The last month of pregnancy is actually 2,657,345 days of pregnancy. I'm not being hyperbolic, my friends. That's a literal, honest calculation and, as you can see, that is a large amount of days to remain very large and very uncomfortable. The person who endures these 2,657,345 days is already doing enough, so the list of things a pregnant woman shouldn't have to ask for when she's "about to pop" is long. It's also a worthwhile read.
Now, dear reader, you might say, "Is this person delusional? The last month of pregnancy is 30 days, give or take a few, not 2,657,345 days. Don't you know how to count?" To that I say you must not have heard of the time-space continuum, fairy-world universe fold into which all pregnant people sink. We still exist here on this plane, but while people who aren't "about to pop" experience time via normal perception, those who are "about to pop" experience time via this fairy-world perception. The ratio is, as a matter of fact, 30 Earth-days: 2,657,345 fairy-world days, to be precise and in case you wee wondering.

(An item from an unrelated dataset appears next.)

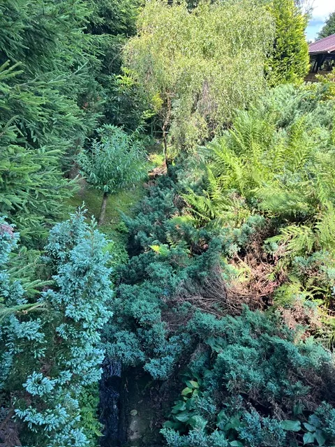 Pozemek 1 534 m² plný vzrostlé zeleně, rozdělený na relaxační zónu a pěstitelskou část.
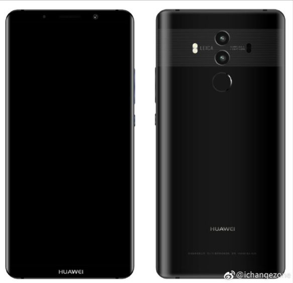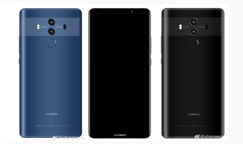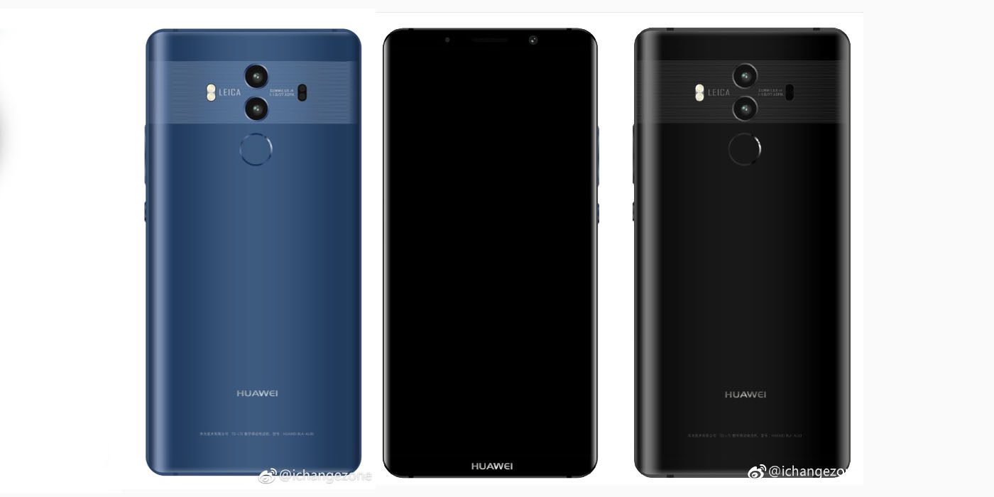 Outre l’affiche, la source a également affiché deux rendus du futur Huawei Mate 10. Comme pour la fuite de Evan Blass la semaine dernière, nous retrouvons le design bicolore de Huawei, ainsi que les bords colorés disponibles à l’avant sur le modèle bleu. À partir de ce cliché, en particulier sur le modèle bleu, on peut voir à quel point les bords sont minces sur les côtés, ainsi qu’au-dessus de l’écran. Il est également important de noter que le verre semble être légèrement courbé sur les côtés.

Armed with this newfound knowledge, you can see how a person "about to pop" for 2,657,345 days might become a little irritable. You can see how this person might experience you saying "no" to one request as you saying "no" to every single request for 2,657,345 days. That just feels cruel, doesn't it? Why would you deny this pregnant person a little bit of comfort in her seemingly endless final days of pregnancy? She is, after all, "about to POP." At this point, the graphic image of a human being's bulbous belly popping may actually be a preferred outcome over staying pregnant for even just one more day.